By default, the transcription and histone mark displays use a transparent overlay method of displaying data from a number of cell lines in a single track. Each of the cell lines in this track is associated with a particular color, and these colors are relatively light and saturated so as to work best with the transparent overlay. The color of the transcription and histone mark tracks match their versions from their lifted source on the hg19 assembly.

The DNase tracks, which were not lifted from hg19, are colored differently to reflect similarity of cell types. There are three DNase tracks starting with a transparent overlay DNase Signal Track to allow viewing signals from all 95 cell types in one track. The individual signals and the same coloring scheme can also be found in the DNase HS Track where processed peaks and hotspots are also called out as gray boxes with the darkness of each box reflecting the underlying signal value. Lastly, in the DNase Clusters track all observed hypersensitive regions in the different cell lines at the same location were clustered into a single box where a number to the left of the box indicates how many cell types showed a hypersensitivity region and the darkness of the grey box is proportional to the the maximum value seen from one of the underlying cell lines. Clicking on these item takes you to a details page where additional information displays, such as the list of cell types that combined to form the cluster in the DNase Clusters track.

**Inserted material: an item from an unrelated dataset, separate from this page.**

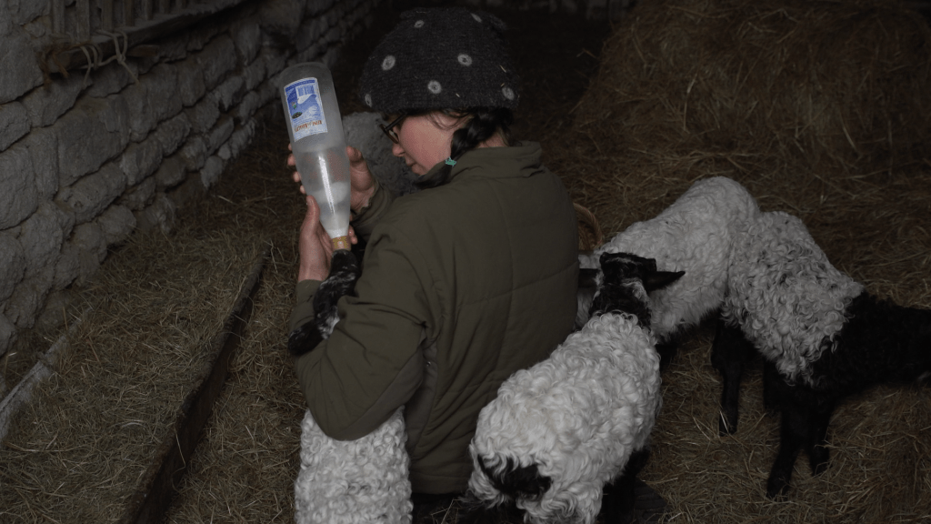 Une jeune femme exploite donc seule (ou presque, puisqu’elle est quand même aisée – par une amie ? – pour pratiquer le labour avec un cheval) une petite ferme quelque part dans le centre de la France. Elle y pratique du maraichage – elle vend ses salades sur le marché – et élève quelques brebis. Cela lui suffit-il pour vivre ? Et surtout pour élever ses trois enfants, ce qu’elle fait effectivement seule puisqu’il n’est jamais question de père.

The data in this supertrack comes from the ENCODE grants led by Bradley Bernstein (Broad Institute), Richard Myers (HudsonAlpha Institute), Michael Snyder (Stanford), Gregory Crawford (Duke) and John Stamatoyannopoulos (University of Washington). Specific labs and contributors for these datasets are listed in the Credits section of the individual tracks in this supertrack. The integrative view was developed by Jim Kent at UCSC.

Data Release Policy

Primary ENCODE data produced during the 2007-2012 production phase were subject to a restriction period. However, the data here are past those restrictions and are freely available. The full data release policy for ENCODE is available here.